Task item: Exactly the lines from the one with "検索した結果は、【JOKER" through the end of the records below are needed, minus any pictures.

+++ Materials provided

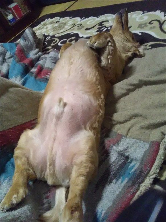 今日も寝てばかりいるレオワン、ひっくり返って寝てました。
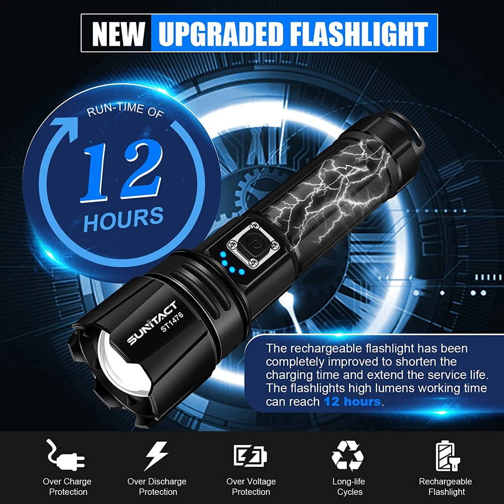 【990000 LUMEN LED FLASHLIGHT】: Sunitact ST1476 flashlights high lumens built-in advanced XHP70.2 LED chip, with a powerful 990000 lumens output, providing you the great light world you want, easily illuminates a 120 square meter room. we even can focus on objects up to 1000FT away, about the length of 3 football fields! And we can put all the parts in the gift box for easy carrying and storage. In additional, this bright flashlight is also an ideal gift for our friends or family. 【USB RECHARGEABLE AND POWER INDICATOR】: This rechargeable flashlights can provide up to 12 hours of runtime, with upgraded overcharge protection, it can be charged by usb cable(included). The flash light will stop charging when it fully charged, so that we don't need worry about the safety when we forget the flashlight is in charging. It can also charge the phone in an emergency. The power indicator above the flashlight helps you clearly understand the flashlight power (25%, 50%, 75%, 100%). 【ADJUSTABLE AND 5 LIGHT MODES】: This flashlights high lumens rechargeable has 5 lighting modes: High-Medium-Low-Strobe-SOS. According to our needs, we can stretch the head of the handheld flashlights to adjust the focus, freely choose long-distance observation and wide-range lighting. It is very suitable for camping, hiking, dog walking, fishing or any outdoor activities and emergency power-off backup. Long press for 3 seconds to turn off the light, no need to cycle all light modes. 【IP67 WATERPROOF AND PRACTICALLY INDESTRUCTIBLE】: Sunitact ST1476 IP67 waterproof LED flashlight is designed for rough handling. High-quality aerospace-grade aluminum alloy body protects the led flashlight rechargeable from rust or being scratched. After tests including freezing, underwater immersion and running over with a full-size truck and 10-foot drop, it still works! This high powered flashlight is durable enough in any situation, especially in rain, snow or emergency situations. 【FULL FLASHLIGHT KIT】: What you get: 1 x Sunitact ST1476 LED Flashlights High Lumens, 1 x USB charging cable, 1 x Lanyard and Flashlight holster, 1x Operating instructions and Gift box. We have carefully checked all flashlight rechargeable before shipment and ensured that the products are working properly. Most importantly, we provide 7*24 hours customer service. If you have any questions, please feel free to contact us. Product Description SUNITACT ST1476 SUPER BRIGHT FLASHLIGHT - LIGHT UP YOUR LIFE INSTANTLY! The adjustable focus of the Sunitact high powered flashlight allows you to choose the focus between spotlight and floodlight. Spotlights illuminate a longer distance, and floodlights illuminate a larger area. A stable and bright beam can be formed within 1000 meters. About Sunitact Sunitact focuses on the development, manufacturing and sales of outdoor sports lighting tools. We are brand sellers and our flashlights are sold all over the world. We continue to improve the quality of flashlights and provide customers with an excellent lighting experience. In any mode, we can press and hold the button for 3 seconds to turn off the flashlights high lumens rechargeable. Sunitact ST1476 XHP70.2 LED Flashlights High Lumens WHAT YOU WILL RECEIVE: 1 * Sunitact ST1476 Rechargeable Flashlights with Charging Cable 1 * Rechargeable Battery 1 *3 AAA Battery with White Battery Tube and Battery Holder 1 * Flashlight Holster and Lanyard 1 * Operating Instructions and Gift Box XHP70.2 SUPER BRIGHT FLASHLIGHT POWER DISPLAY & USB RECHARGEABLE WATER RESISTANT & VIRTUALLY INDESTRUCTIBLE ADJUSTABLE FOCUS & 5 LIGHT MODES SUPER HEAT DISSIPATION DESIGN POPULAR USE FOR HOME & WORK & OUTDOOR HOW TO INSTALL THE BATTERY? USB INPUT AND OUTPUT & POWER INDICATOR Connect the Cable (include) with all kinds of USB devices such as car sockets, computer, laptop,etc, it is convenient in any outdoor activities. Sunitact rechargeable flashlights can also be used as mobile power supplies to charge your device in an emergency. The power indicator can display accurate flashlight power (25%, 50%, 75%, 100%), and no longer have to guess the remaining power of the flashlight. XHP70.2 SUPER BRIGHT LED FLASHLIGHT Sunitact ST1476 LED flashlight adopts an upgraded version of XHP70.2 chip, which can provide up to 10,000 real lumens and incredible brightness. Its ultra-wide beam can illuminates the entire backyard effortlessly, and it can be focused up to 1,000 feet away. UPGRADED RECHARGEABLE FLASHLIGHT The rechargeable flashlights has been completely upgraded, the ultra-wide beam lasts for up to 12 hours of lighting in medium brightness mode. It provides overcharge, overdischarge, and overvoltage protection, super heat dissipation capacity, which is safer to use, and its service life can reach 100,000 hours. It takes about 6-8 hours to fully charge. 5 LIGHT MODES This high powered flashlight has 5 light modes: High/ Medium/ Low/ Strobe/ SOS, which can meet your various needs in daily life. Easy to change modes by pressing the switch button gently. Press for 3 seconds to turn off the light in any mode. IP67 WATERPROOF & DURABLE Made of high-quality aviation-grade aluminum alloy, it protects your flashlight from scratches, corrosion, rust and damage. IP67 waterproof, can withstand all kinds of extreme weather such as storm and heavy snow (do not immerse in the water for a long time). Goreit A IDEAL KIT FOR CAMPING, DOG WALKING, FISHING, HIKING, POWER OUTAGES, EVERYDAY USE, BACKUP, EMERGENCY, ETC、
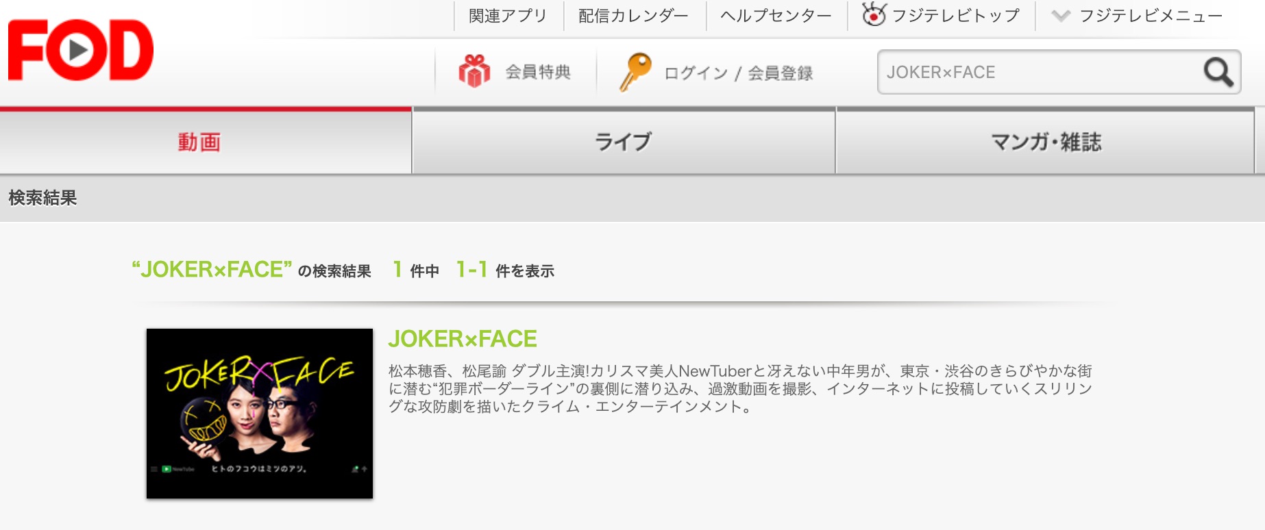 検索した結果は、【JOKER×FACE】はFODプレミアムで配信されており無料視聴可能です!
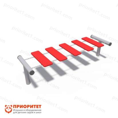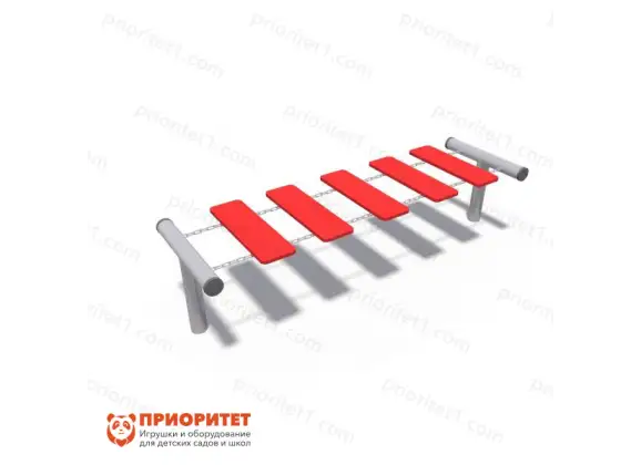 Конструкция представляет собой 2 опоры, между которыми протянут подвесной мост. Крепкие соединения позволяют заниматься не только детям, но и взрослым. Пешеходный мост выполнен в виде перехода, между досками есть расстояние, поэтому каждая из них является отдельным элементом. Мост можно установить на детской или спортивной площадке, на территории развивающего центра или частного дома.
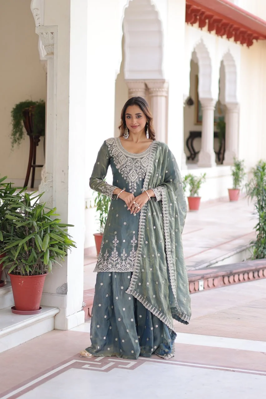 Ethnic 3 Piece Kurti Sharara Dupatta for Wedding and Festive Gatherings
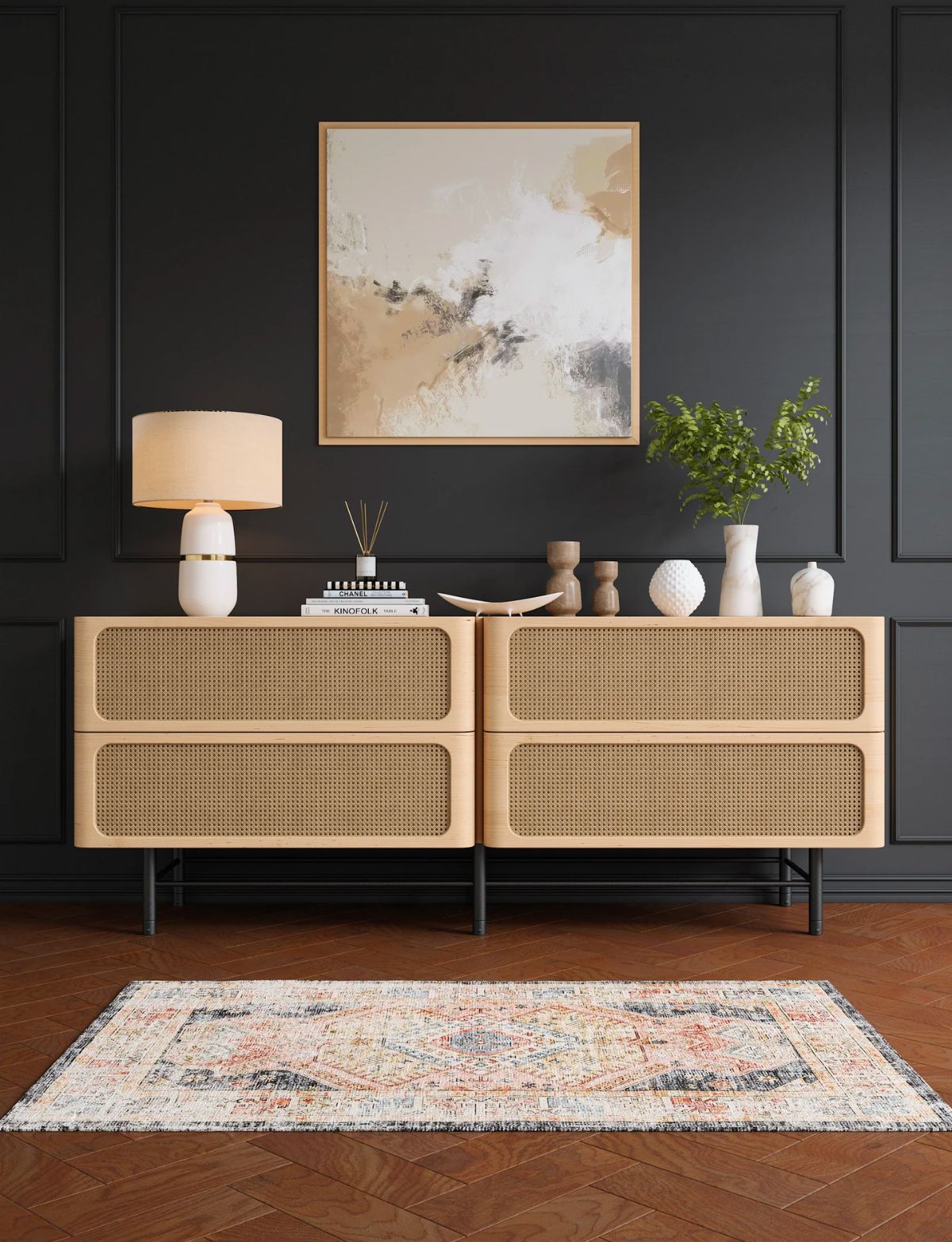 Caspara is a beautiful centerpiece with a Persian-inspired design and a range of sumptuous, saturated colors such as orange, black & coral. It effortlessly pairs with many different rug pads, making it a versatile choice for any room. The Caspara collection offers two options: machine washable rugs or premium linen rugs that are easy to clean (although not suitable for machine washing).
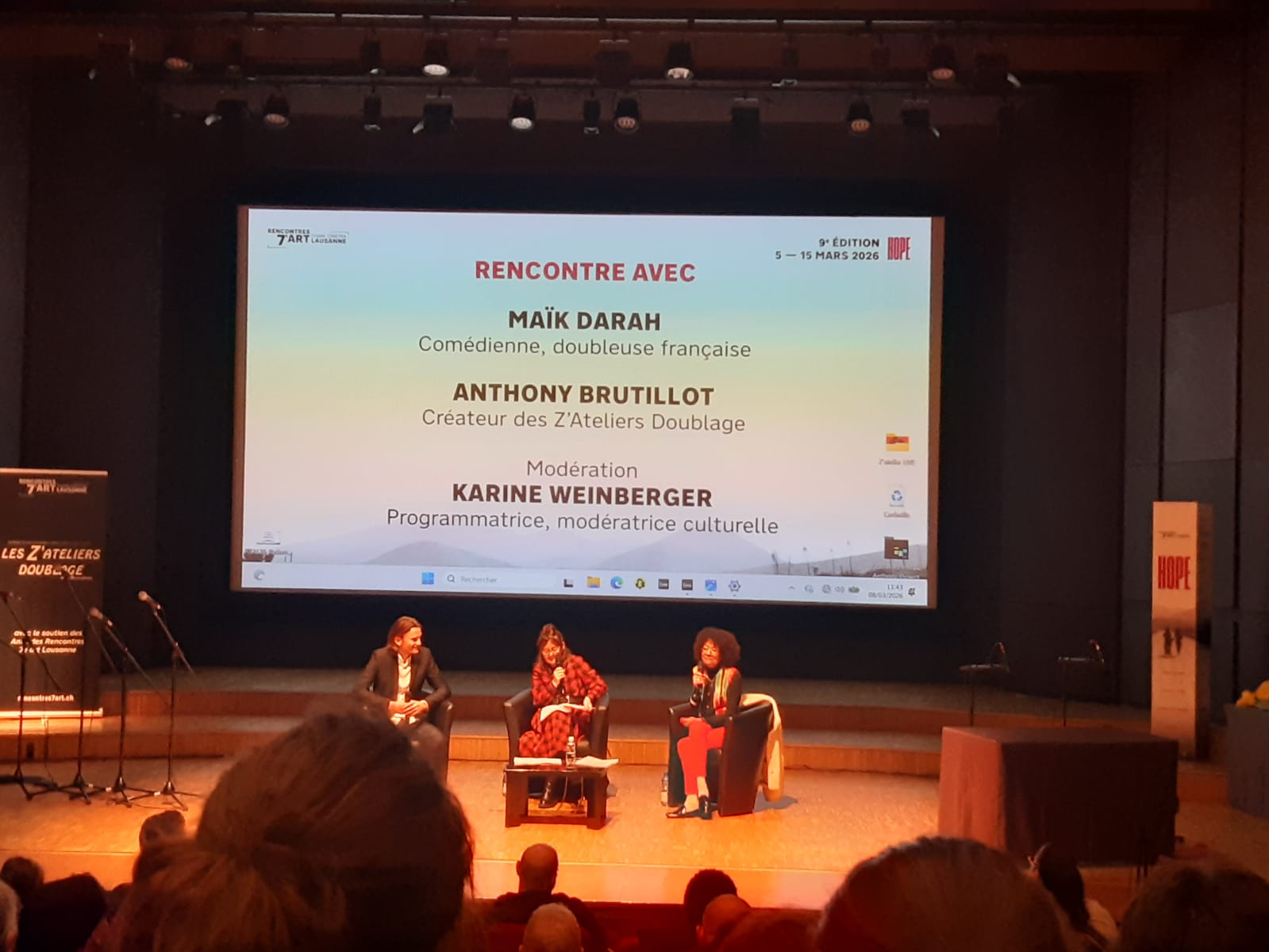 Ce dimanche 8 mars 2026, une rencontre inédite et originale eut lieu dans le cadre de la manifestation culturelle. Les festivaliers-ières purent voir et surtout entendre, la comédienne Maïk Darah au sein du Casino de Montbenon à Lausanne.

++++++

Response:
 検索した結果は、【JOKER×FACE】はFODプレミアムで配信されており無料視聴可能です!
 Конструкция представляет собой 2 опоры, между которыми протянут подвесной мост. Крепкие соединения позволяют заниматься не только детям, но и взрослым. Пешеходный мост выполнен в виде перехода, между досками есть расстояние, поэтому каждая из них является отдельным элементом. Мост можно установить на детской или спортивной площадке, на территории развивающего центра или частного дома.
 Ethnic 3 Piece Kurti Sharara Dupatta for Wedding and Festive Gatherings
 Caspara is a beautiful centerpiece with a Persian-inspired design and a range of sumptuous, saturated colors such as orange, black & coral. It effortlessly pairs with many different rug pads, making it a versatile choice for any room. The Caspara collection offers two options: machine washable rugs or premium linen rugs that are easy to clean (although not suitable for machine washing).
 Ce dimanche 8 mars 2026, une rencontre inédite et originale eut lieu dans le cadre de la manifestation culturelle. Les festivaliers-ières purent voir et surtout entendre, la comédienne Maïk Darah au sein du Casino de Montbenon à Lausanne.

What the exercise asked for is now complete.